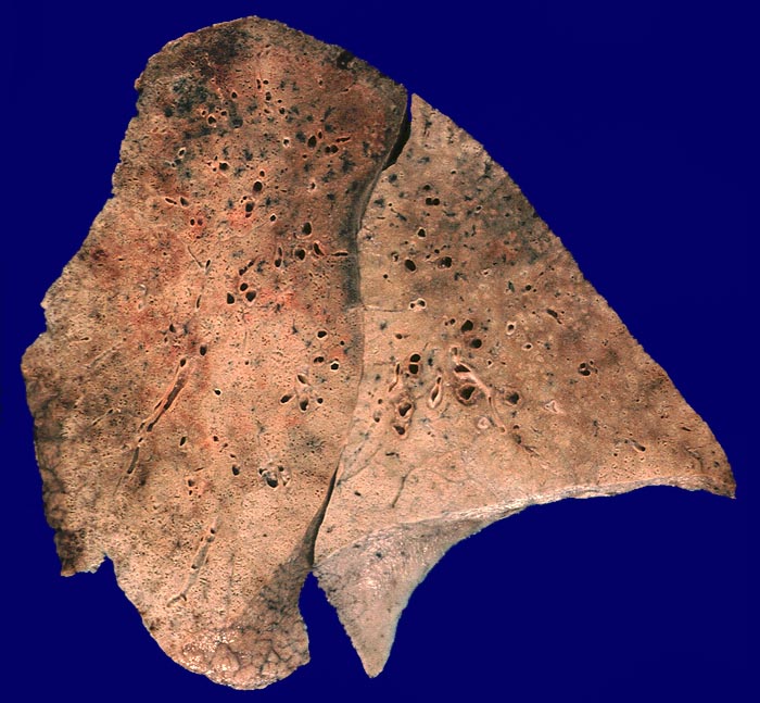 Stark erhöhte Konsistenz des Lungenparenchyms. Auffallend helle Farbe aufgrund der Anämie.
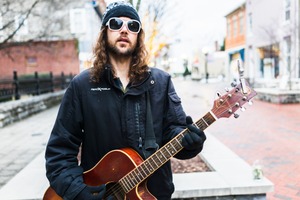 A lone musician stands in a quiet, empty street, clutching his guitar with a calm yet introspective expression. The muted lighting casts a cool, soft glow, highlighting his unhurried presence amidst the surrounding buildings. His stylish sunglasses and warm clothing suggest a mix of resilience and artistry, evoking a poignant blend of isolation and creativity.
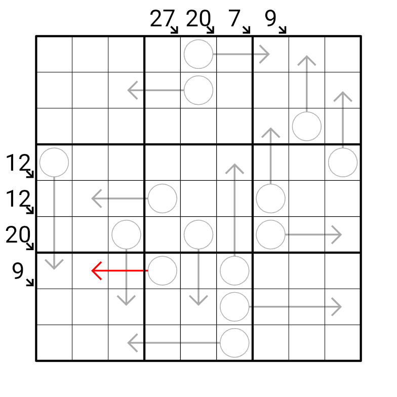 Arrows: Digits on an arrow sum to the number in the attached circle.
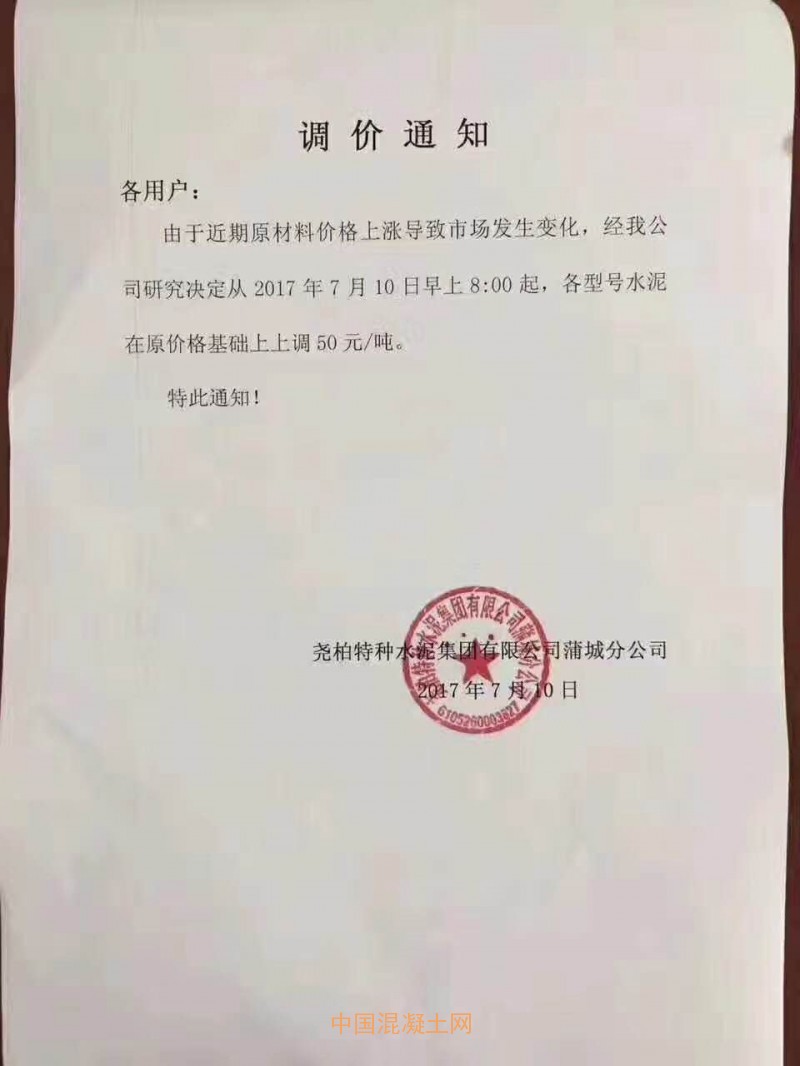 7月10日,陜西關中地區多家水泥企業集體發布調價函,自7月10日8:00時起,各型號水泥價格將上漲50元/噸!
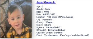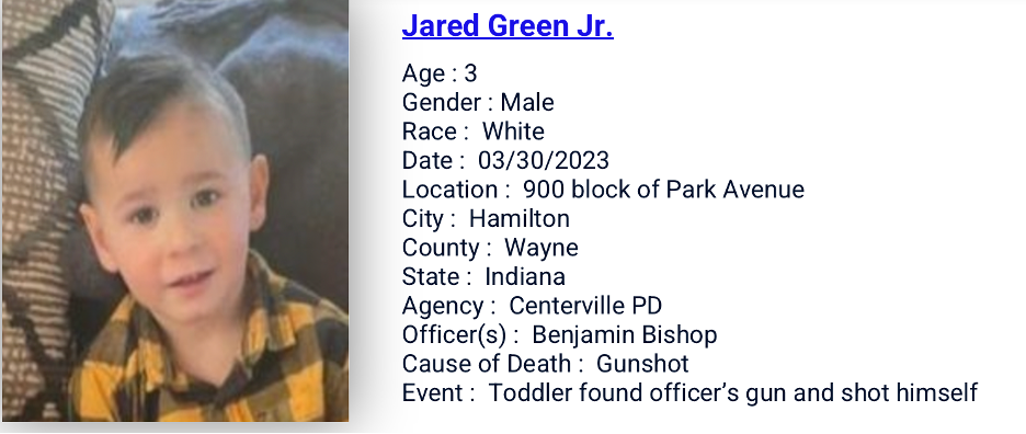 30 Mar3/30/2023: Jared Green, 3, shot and killed himselfwith the service gun and officer left unsecured at his residence. More in link. Post Views: 241BuyMeCoffeeSupport us to continue building the database and maintain the site. Share now Twitter Facebook WhatsApp LinkedIn Print 0Shares
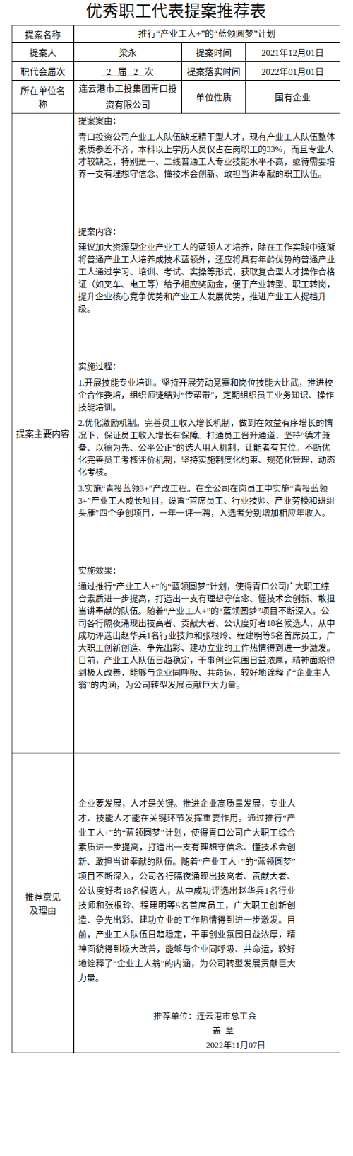 提案人: 梁永 提案类型: 发展改革
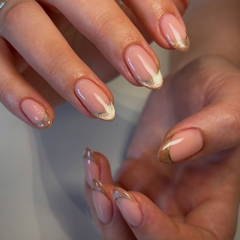 Soft nude nails paired with shimmering gold glitter tips create a delicate and glamorous gold nail design. This look is perfect for weddings or special events.
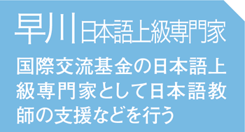 在日外国人にもそのような支援が必要で、日本語教師は言葉を教えるだけではなく、外国人と受け入れ側を結ぶ存在になりうると期待しています。
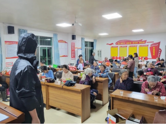 韶关市仁化县受灾群众在新时代文明实践所讲堂内休息。
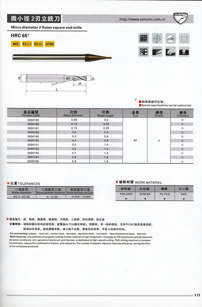 - ANCHOR.V整体超硬无涂层铣刀9320
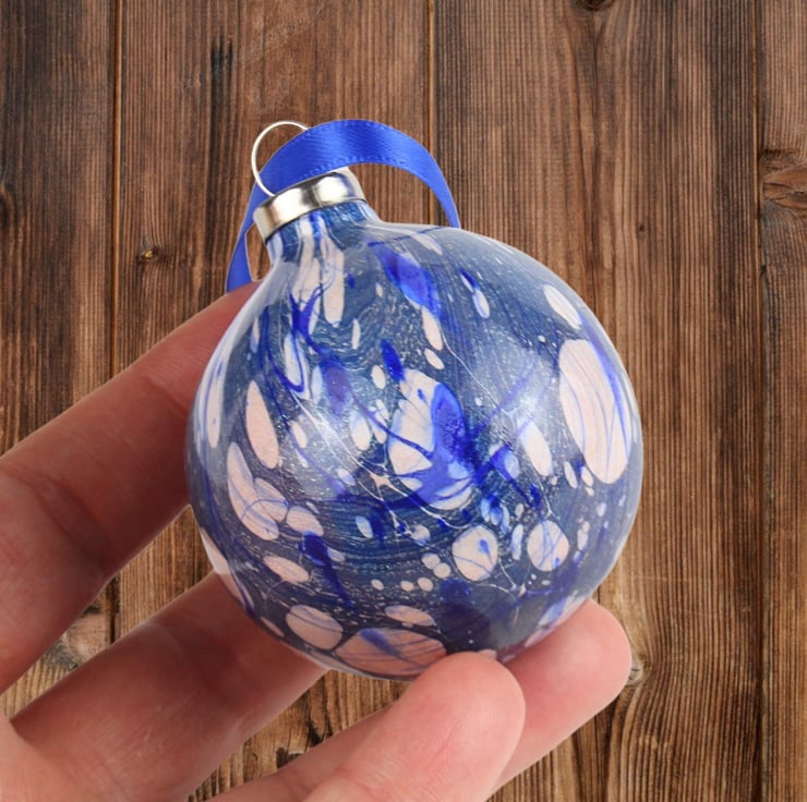The baubles in this range are marbled directly onto the ceramic surface - a technique which is much more difficult than it sounds! Each bauble is marbled from a different bath, so they are all different and totally unique. They are lots of fun to make and totally addictive!
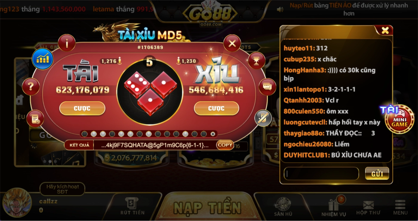 Go88 cũng là một cái tên không thể bỏ qua khi nhắc đến cổng game tài xỉu free. Nơi đây nổi bật với nhiều chế độ chơi đa dạng, từ tài xỉu MD5 cho đến Tài xỉu Livestream. Giao diện thân thiện cùng tốc độ tải game nhanh chóng sẽ giúp anh em trải nghiệm không bị gián đoạn. Thêm vào đó, Go88 thường xuyên tổ chức các sự kiện, mini game thú vị, nơi anh em có thể nhận thêm nhiều phần quà hấp dẫn khi tham gia.
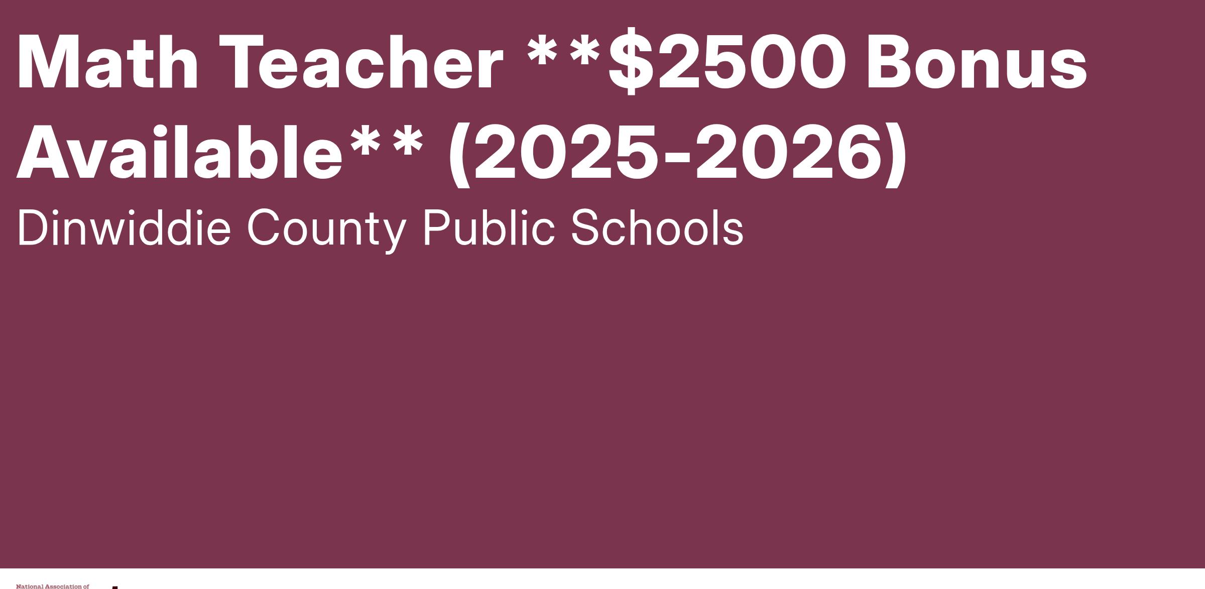 As an Equal Opportunity Employer, Dinwiddie County Public Schools does not discriminate against applicants on the basis of race, color, religion, national origin, ancestry, political affiliation, sex, sexual orientation, gender, gender identity, age, marital status, genetic information, disability or protected veteran status.
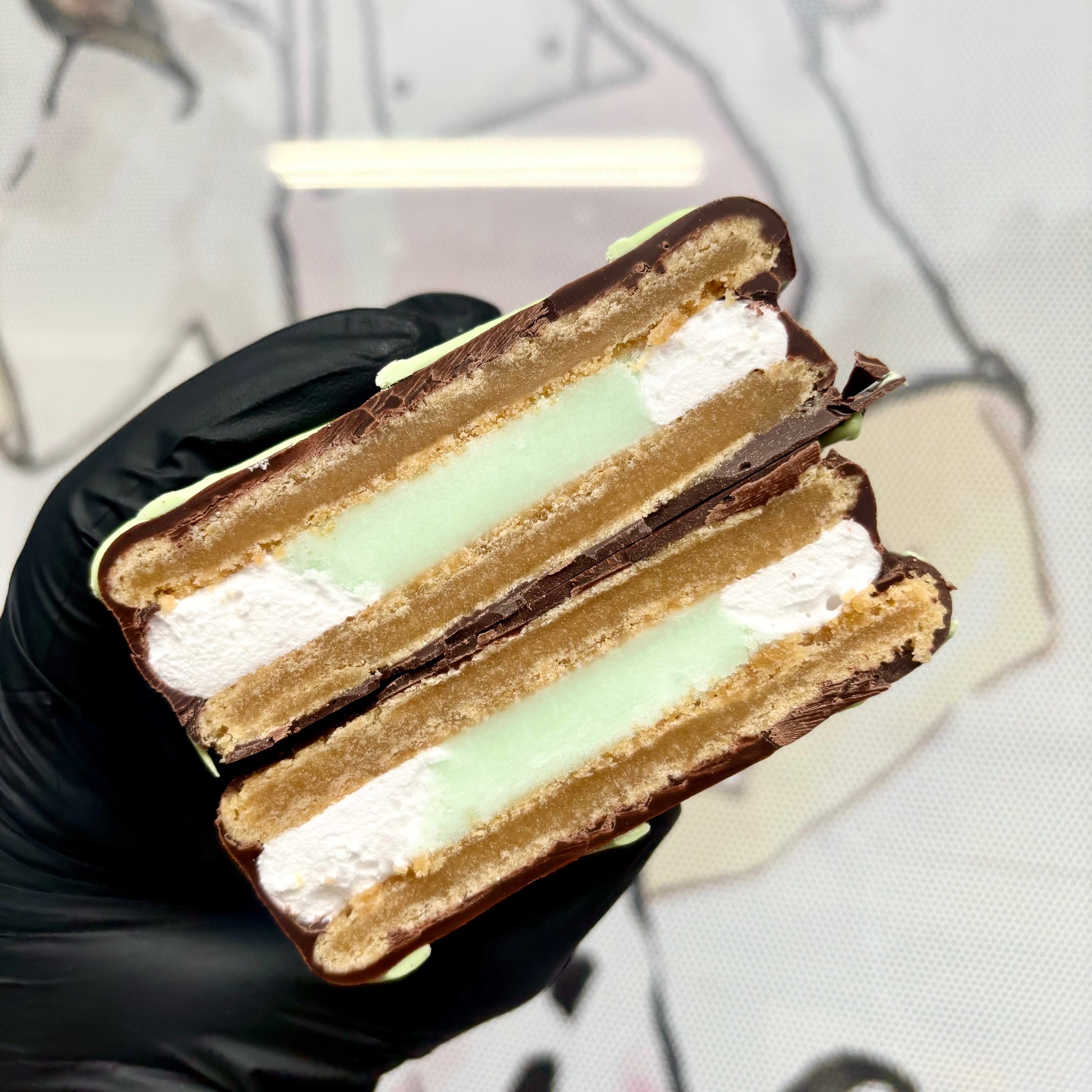 A decadent cookie and marshmallow inside filled with refreshing mint, covered in a crisp and rich chocolate outside! A nostalgic snack that delivers both comfort and freshness with every bite.
++++++
Print, word for word, the lines above that run from the line containing "在日外国人にもそのような支援" to the line containing "- ANCHOR.V整体超硬无涂层铣刀9320", both included. Keep the pictures out.

* **TASK ANSWER**:
 在日外国人にもそのような支援が必要で、日本語教師は言葉を教えるだけではなく、外国人と受け入れ側を結ぶ存在になりうると期待しています。
 韶关市仁化县受灾群众在新时代文明实践所讲堂内休息。
 - ANCHOR.V整体超硬无涂层铣刀9320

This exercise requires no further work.